Make sure you have python3 installed and that the contents of Requirements.txt are installed
Knowledge graph (KG) dumps can be found here.
NOTE: Last test was run on the 07/27/18 KG dump.
After importing the KG use a cypher query (such as match (n) where n.id =~ "(?i)CHEMBL.*" return n.id limit 5
) to look at the format of the chembl curie ids. If you get result like CHEMBL.COMPOUND:CHEMBL153
then you can don't have to do anything. If, however, you get a result like ChEMBL:153
then you are using an older version of the knowledge graph and need to rename the files: source_map_old.csv, target_map_old.csv, ndf_tp_old.csv, and ndf_tn_old.csv. Just remove "_old" from the end of the file names (replacing the other files of the same name) and you will be good to go.
Node2vec is a program developed by researchers at stanford to vectorize nodes in a graph. It can be found here. And information about it is listed here.

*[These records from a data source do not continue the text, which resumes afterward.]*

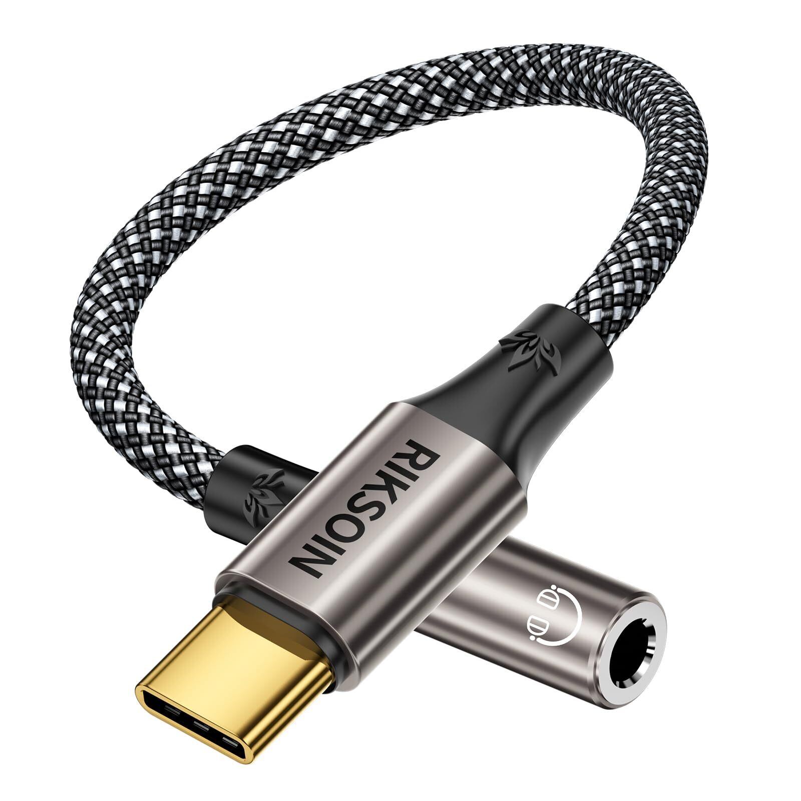 USB-C to 3.5mm イヤホン変換アダプター 銀メッキ銅芯 USB-Cイヤホンジャック変換アダプター DAC搭載 ナイロン編み高耐久ケーブル イヤホン/ヘッドホン/マイク/スマートフォン/タブレット対応 音量調節機能付き 【iPhone 17/16 Pro/15 Pro Max/15 Plus/iPad/Mac/Android対応】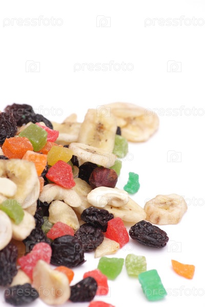 Банановые чипсы, фундук, миндаль, изюм, кешью и засахаренные фрукты с пространством для текста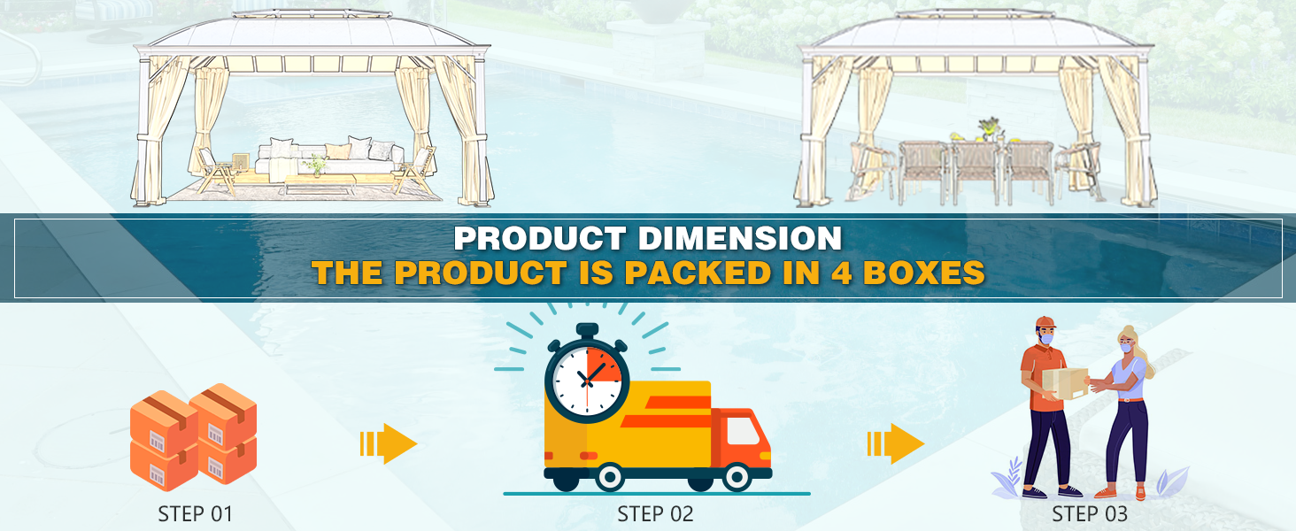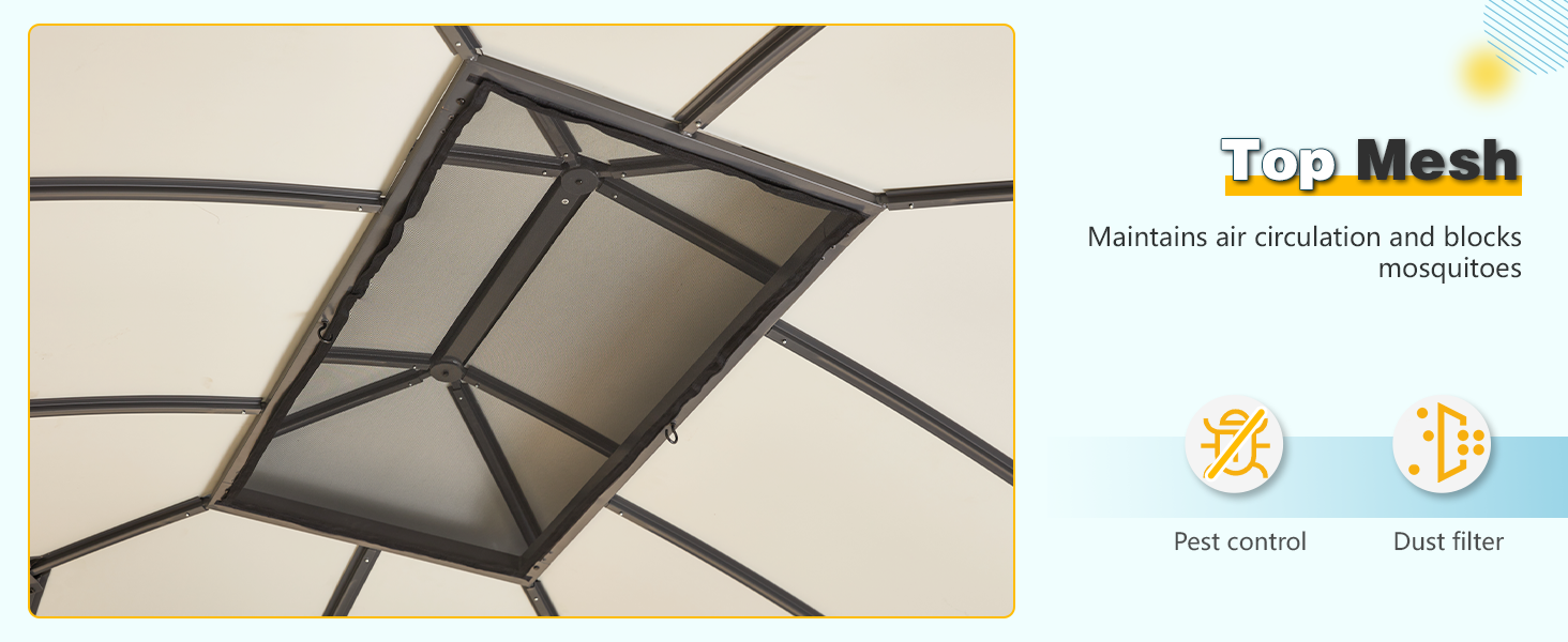 - 【ARC TOP DESIGN】The curved roof design is not only more elegant but also provides a wider space and avoids the accumulation of rainwater. The double-top design is also more conducive to the circulation of air. This outdoor gazebo is sure to add a splash of color to your backyard.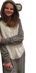 Justine viste un traje de pelo gris por todo el cuerpo. En la parte delantera lleva blanco simulando la barriga. Sobre la cabeza tiene dos orejas grises y blancas. Le encanta comer zanahorias. | JUSTINE esta disfrazada de CONEJO |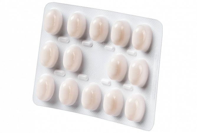 капсула мягкая желатиновая: желатин, сорбитол, глицерол, метилпарагидроксибензоат, титана диоксид (Е 171), краситель железа оксид желтый (Е 172), пропилпарагидроксибензоат, вода очищенная.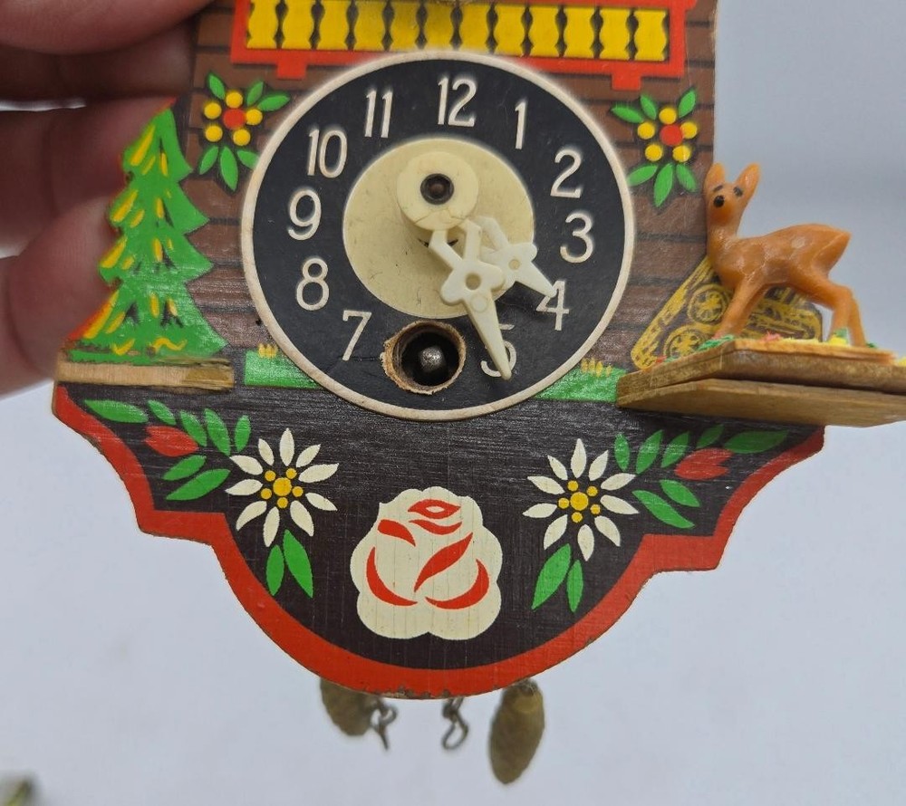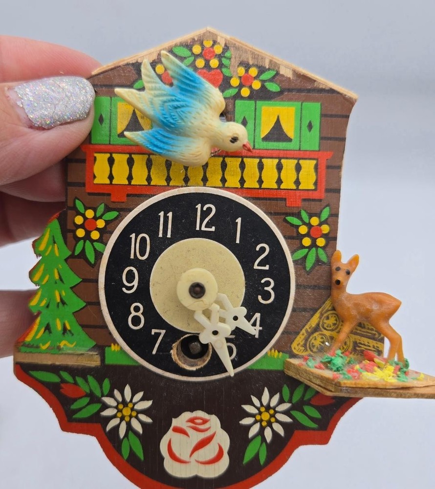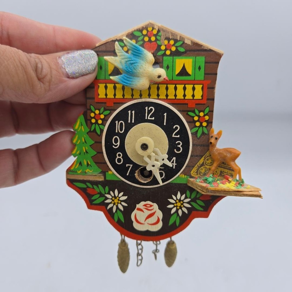 This vintage Germany Mini German Black Forest Chalet Clock features a mechanical movement powered by a spring. The clock is made of wood and plastic, with a multicolor painted finish in the Black Forest style. The design includes a chalet with a bird theme, making it a charming decorative collectible item measuring 5 inches in height. Made in Germany, this clock is a unique piece that blends traditional craftsmanship with modern design elements. READ- Clock is ONLY for parts, NOT working/tested. F-Garage

Download can be found here: https://skr3.nlm.nih.gov/SemMedDB/download/download.html
Download the PREDICATION table from the above link and place it into the data directory.
NOTE: Don't unzip
There are several variables at the top of the MLDR.sh bash script. They are seperated into groups and have decriptions of what they do written above them. You will need to edit some of these (like neo4j log in credentials and url:port) to fit your local system before running MLDR.sh.
-
py_name
- how you call python 3 using the terminal in the enviroment you will be running MLDR.sh. (most likely python or python3) -
semmed
- The path to the SemMedDB PREDICATION table mysql dump. -
neo4j_user
- The username used in the neo4j instance hosting the knowledge graph. (This defaults to neo4j) -
neo4j_pass
- The password for the neo4j instance hosting the knowledge graph. (This defaults to neo4j) -
neo4j_url
- The bolt url and port for access to the neo4j instance. (This defaults to bolt://localhost:7687) -
PVAR
,QVAR
,EVAR
,DVAR
,LVAR
, andRVAR
are the parameters p, q, e, d, l, & r for node2vec and decriptions for these can be found on github. Further reading about how node2vec works and more in depth descriptions of what these parameters do can be found here. -
cutoff
- The number of times a relationship need to be encountered in SemMedDB for it to be included in the training data. This helps cut down on some of the noise in SemMedDB. -
roc
- True of False depending on if you want a roc curve generated for the model. -
data_file
- Thepath to the data file you want to predict on. Decription on how to set this up in the next section.
If you want to make predictions on a data set format it in a csv with the headers source and target using curie ids (CHEMBL for drugs and DOID/OMIM/HP) as identifiers formatted as such:
source | target |
---|---|
ChEMBL:1622 | DOID:399 |
ChEMBL:730 | OMIM:613658 |
ChEMBL:1484 | OMIM:601367 |
ChEMBL:1237022 | DOID:0060407 |
ChEMBL:504 | DOID:0050275 |
ChEMBL:714 | DOID:9675 |
ChEMBL:504 | DOID:0050638 |
ChEMBL:1909300 | HP:0000421 |
Then if you wish to make a prediction at the same time simply uncomment the predictor.py commands at the end of MLDR.sh and it do it all in one run. Otherwise, you can simply follow the skeleton of the command and just run it in the termainal after MLDR.sh has generated the model.